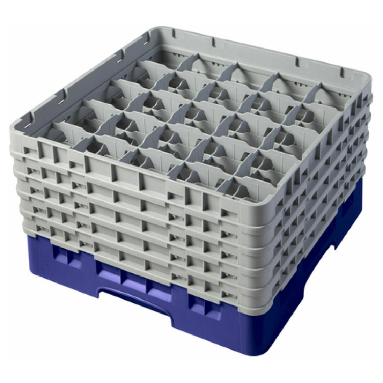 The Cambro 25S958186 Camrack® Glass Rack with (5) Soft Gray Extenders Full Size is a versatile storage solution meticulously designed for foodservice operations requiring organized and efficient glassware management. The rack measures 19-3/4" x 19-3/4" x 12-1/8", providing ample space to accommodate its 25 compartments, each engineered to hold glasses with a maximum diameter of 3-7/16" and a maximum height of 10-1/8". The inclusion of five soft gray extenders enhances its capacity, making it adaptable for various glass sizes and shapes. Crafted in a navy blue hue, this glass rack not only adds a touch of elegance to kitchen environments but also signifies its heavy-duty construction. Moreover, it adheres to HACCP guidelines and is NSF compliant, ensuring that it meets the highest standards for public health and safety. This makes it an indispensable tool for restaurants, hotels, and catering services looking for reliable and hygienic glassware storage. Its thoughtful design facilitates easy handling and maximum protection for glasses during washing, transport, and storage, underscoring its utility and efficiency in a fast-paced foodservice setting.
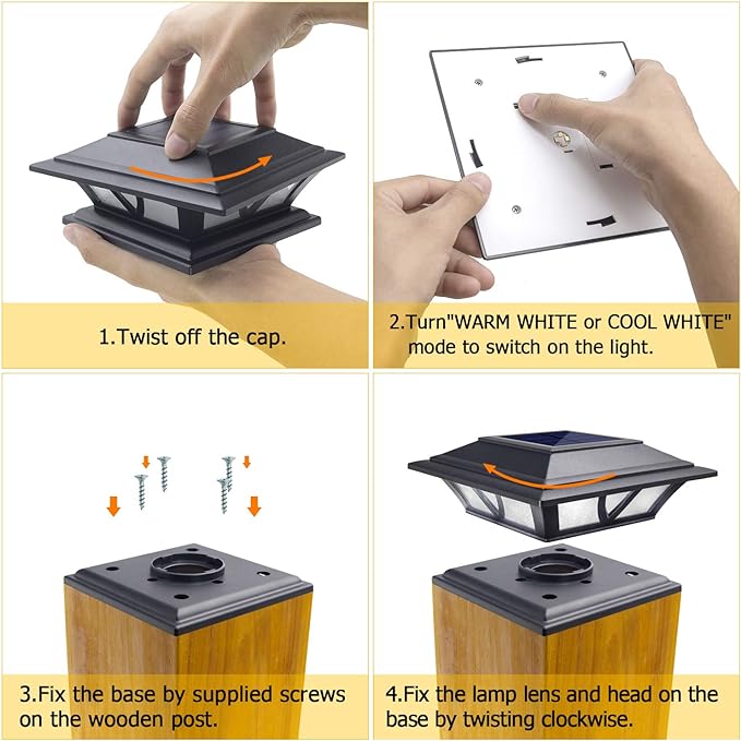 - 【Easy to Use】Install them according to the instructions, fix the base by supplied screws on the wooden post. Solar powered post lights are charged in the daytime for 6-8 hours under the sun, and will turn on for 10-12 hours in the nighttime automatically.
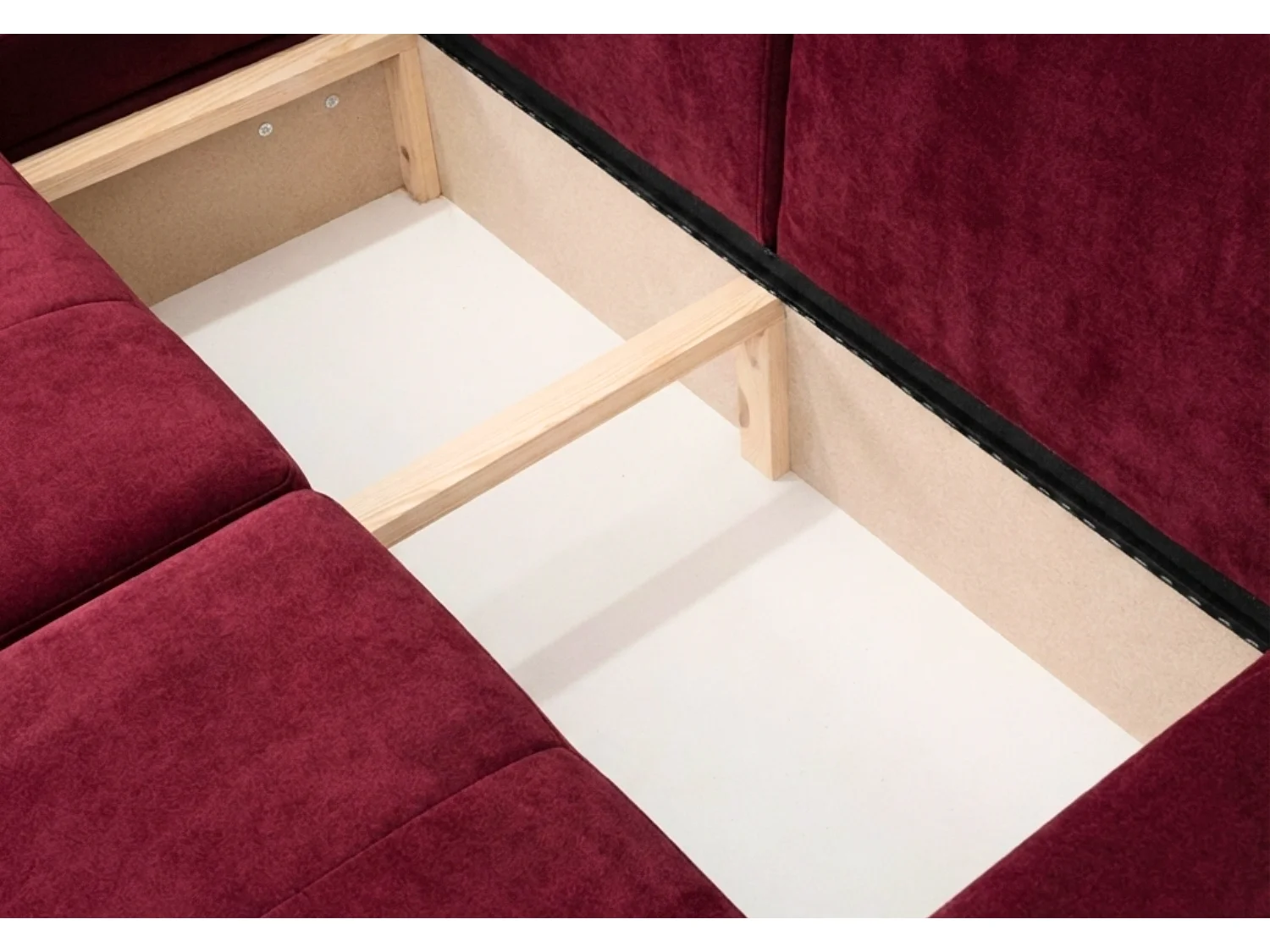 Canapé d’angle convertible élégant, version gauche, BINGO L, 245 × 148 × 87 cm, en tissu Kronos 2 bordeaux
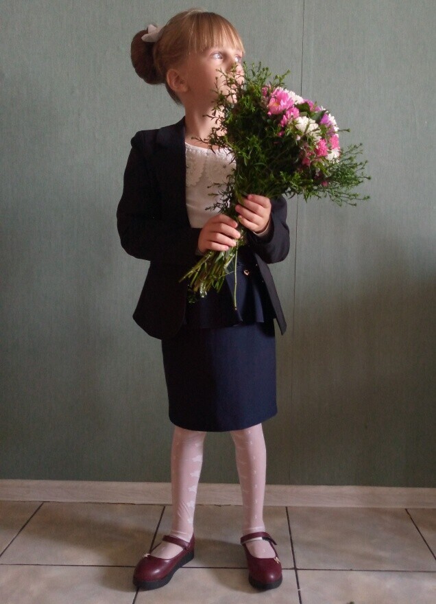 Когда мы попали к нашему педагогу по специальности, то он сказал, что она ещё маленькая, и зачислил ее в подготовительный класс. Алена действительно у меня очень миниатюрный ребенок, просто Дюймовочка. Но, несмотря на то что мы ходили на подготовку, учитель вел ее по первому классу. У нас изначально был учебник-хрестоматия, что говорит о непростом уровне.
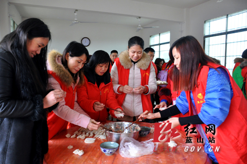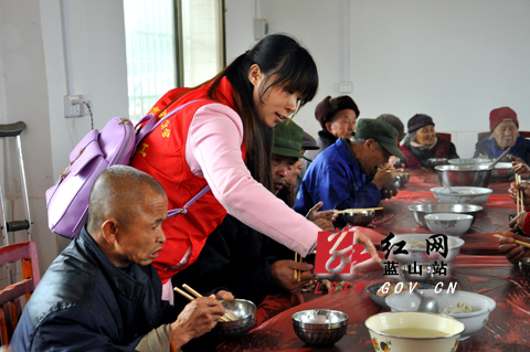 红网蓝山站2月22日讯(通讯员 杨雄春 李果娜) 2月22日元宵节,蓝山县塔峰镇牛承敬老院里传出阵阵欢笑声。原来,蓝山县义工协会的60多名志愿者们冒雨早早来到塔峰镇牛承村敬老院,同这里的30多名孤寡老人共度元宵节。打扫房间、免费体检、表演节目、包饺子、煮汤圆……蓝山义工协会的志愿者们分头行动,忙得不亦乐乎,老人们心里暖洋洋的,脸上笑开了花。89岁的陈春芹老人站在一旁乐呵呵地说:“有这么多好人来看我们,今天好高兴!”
==
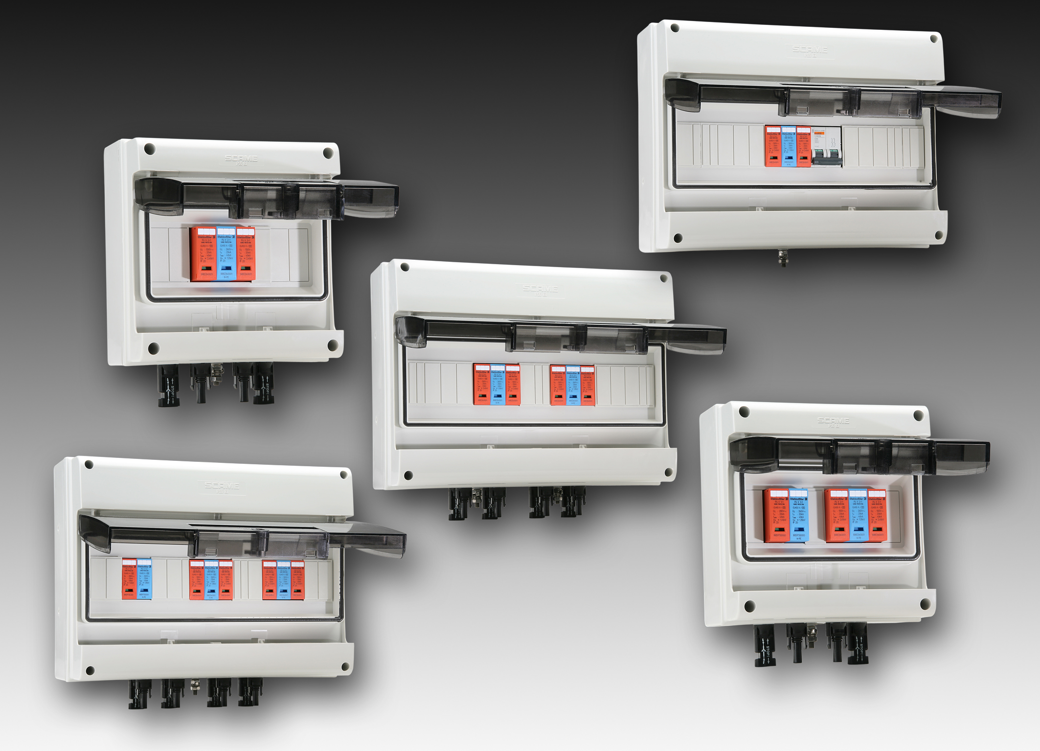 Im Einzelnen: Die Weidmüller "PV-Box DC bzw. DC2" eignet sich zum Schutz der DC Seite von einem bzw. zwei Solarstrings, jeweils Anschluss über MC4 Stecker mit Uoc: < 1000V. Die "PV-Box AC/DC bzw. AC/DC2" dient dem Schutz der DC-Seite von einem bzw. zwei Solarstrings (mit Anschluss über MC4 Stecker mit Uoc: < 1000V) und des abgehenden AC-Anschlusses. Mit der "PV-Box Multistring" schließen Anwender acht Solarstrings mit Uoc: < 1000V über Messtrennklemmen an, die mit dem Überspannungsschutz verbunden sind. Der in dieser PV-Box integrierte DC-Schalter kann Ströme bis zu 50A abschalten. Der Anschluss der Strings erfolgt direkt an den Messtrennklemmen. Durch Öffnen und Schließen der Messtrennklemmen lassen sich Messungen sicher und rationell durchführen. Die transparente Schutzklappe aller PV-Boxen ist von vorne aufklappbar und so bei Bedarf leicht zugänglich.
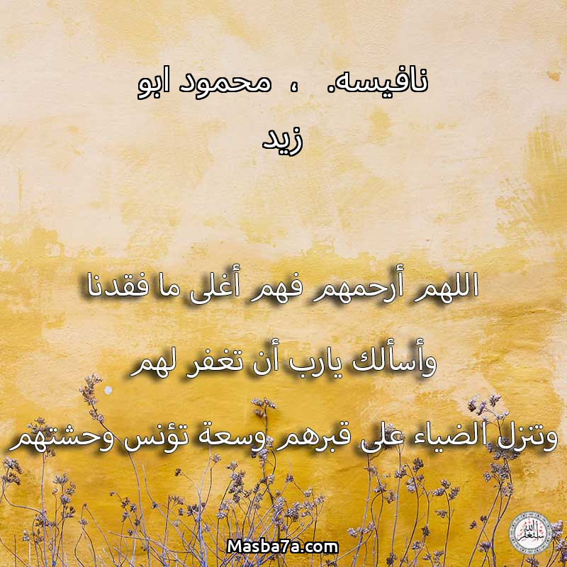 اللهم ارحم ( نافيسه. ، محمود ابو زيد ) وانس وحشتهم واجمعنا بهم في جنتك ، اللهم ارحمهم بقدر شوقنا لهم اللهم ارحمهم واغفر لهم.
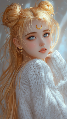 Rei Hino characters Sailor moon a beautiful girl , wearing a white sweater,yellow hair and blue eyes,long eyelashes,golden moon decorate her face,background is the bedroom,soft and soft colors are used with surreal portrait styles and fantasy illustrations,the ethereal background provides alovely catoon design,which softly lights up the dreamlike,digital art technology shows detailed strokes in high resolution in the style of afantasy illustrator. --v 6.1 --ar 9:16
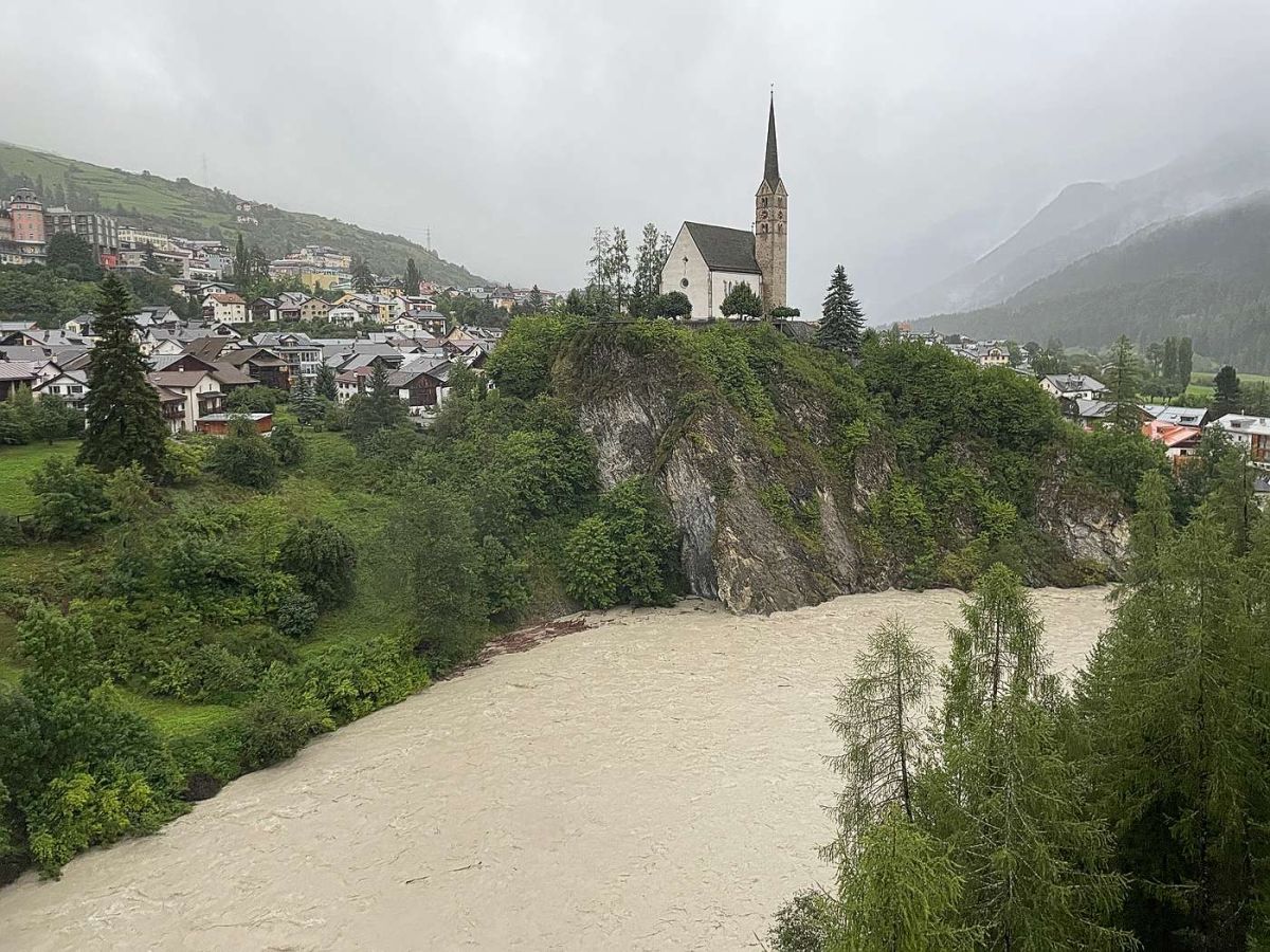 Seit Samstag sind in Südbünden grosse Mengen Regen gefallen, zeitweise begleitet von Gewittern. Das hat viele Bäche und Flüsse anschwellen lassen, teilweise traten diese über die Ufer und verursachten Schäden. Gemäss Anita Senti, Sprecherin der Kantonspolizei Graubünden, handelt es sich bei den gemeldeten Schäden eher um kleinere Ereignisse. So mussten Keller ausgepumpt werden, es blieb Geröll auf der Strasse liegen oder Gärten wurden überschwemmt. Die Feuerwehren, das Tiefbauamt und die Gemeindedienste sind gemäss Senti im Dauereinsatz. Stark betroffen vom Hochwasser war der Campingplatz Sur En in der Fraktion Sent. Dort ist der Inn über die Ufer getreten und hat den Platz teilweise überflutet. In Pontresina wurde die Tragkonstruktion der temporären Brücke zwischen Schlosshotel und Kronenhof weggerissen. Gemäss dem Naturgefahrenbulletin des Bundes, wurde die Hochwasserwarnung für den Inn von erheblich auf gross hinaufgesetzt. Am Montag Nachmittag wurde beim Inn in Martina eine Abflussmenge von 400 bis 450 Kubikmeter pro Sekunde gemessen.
* * *
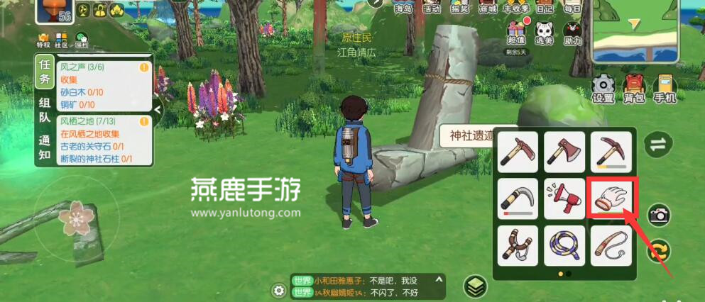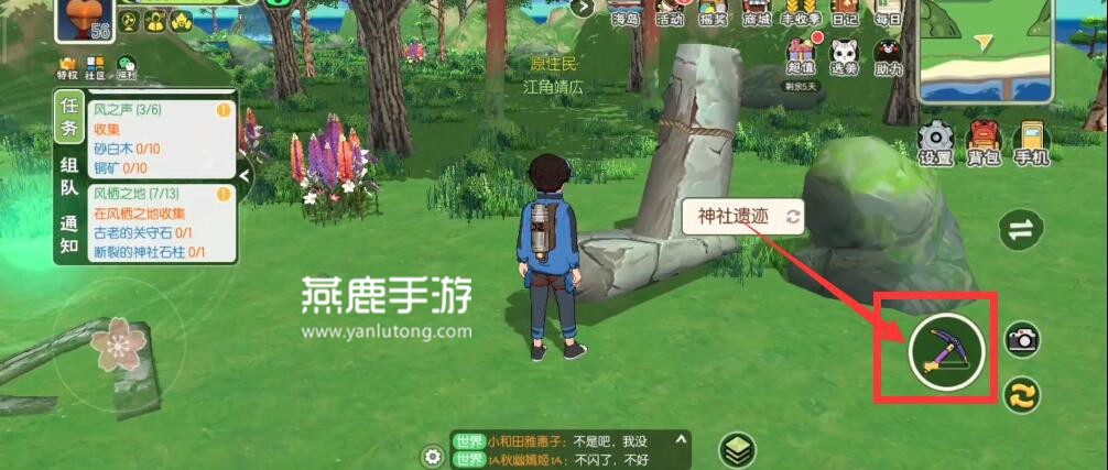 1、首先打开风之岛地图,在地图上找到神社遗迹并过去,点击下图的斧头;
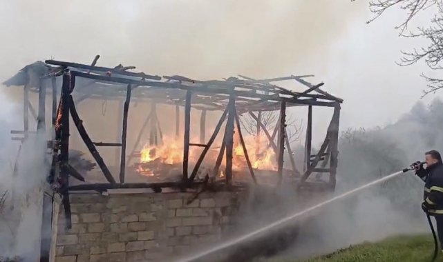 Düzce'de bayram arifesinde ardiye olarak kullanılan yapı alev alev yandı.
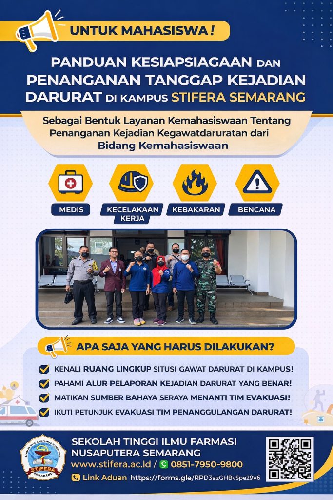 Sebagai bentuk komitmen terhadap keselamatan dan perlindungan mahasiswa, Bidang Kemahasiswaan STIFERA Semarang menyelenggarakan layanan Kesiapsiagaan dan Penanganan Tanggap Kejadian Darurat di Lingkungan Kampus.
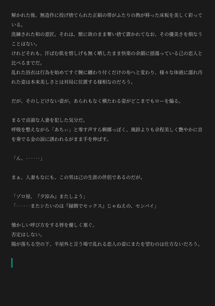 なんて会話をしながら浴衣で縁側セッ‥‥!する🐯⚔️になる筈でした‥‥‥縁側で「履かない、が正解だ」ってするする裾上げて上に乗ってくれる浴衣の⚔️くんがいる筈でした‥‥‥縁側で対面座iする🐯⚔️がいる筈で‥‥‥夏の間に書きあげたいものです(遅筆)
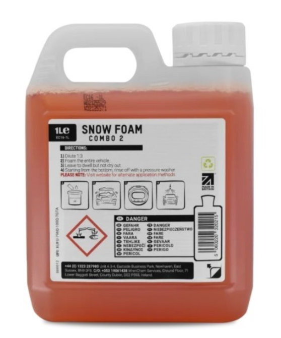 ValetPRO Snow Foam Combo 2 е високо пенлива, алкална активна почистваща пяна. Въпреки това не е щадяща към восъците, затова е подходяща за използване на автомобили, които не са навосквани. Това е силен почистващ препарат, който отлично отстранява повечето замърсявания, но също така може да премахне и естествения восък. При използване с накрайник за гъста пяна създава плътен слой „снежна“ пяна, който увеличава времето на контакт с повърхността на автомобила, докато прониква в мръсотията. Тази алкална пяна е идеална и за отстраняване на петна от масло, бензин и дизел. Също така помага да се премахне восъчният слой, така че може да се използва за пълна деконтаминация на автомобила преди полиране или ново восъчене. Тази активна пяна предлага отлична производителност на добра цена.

» **EXERCISE BRIEF**
Retype, exactly and with no pictures, everything above from the line with "1、首先打开风之岛地图,在地图上找到神社遗迹并过去,点击下图的斧头;" down to the line with "Düzce'de bayram arifesinde", both included.

» **RESPONSE BOX**
 1、首先打开风之岛地图,在地图上找到神社遗迹并过去,点击下图的斧头;
 Düzce'de bayram arifesinde ardiye olarak kullanılan yapı alev alev yandı.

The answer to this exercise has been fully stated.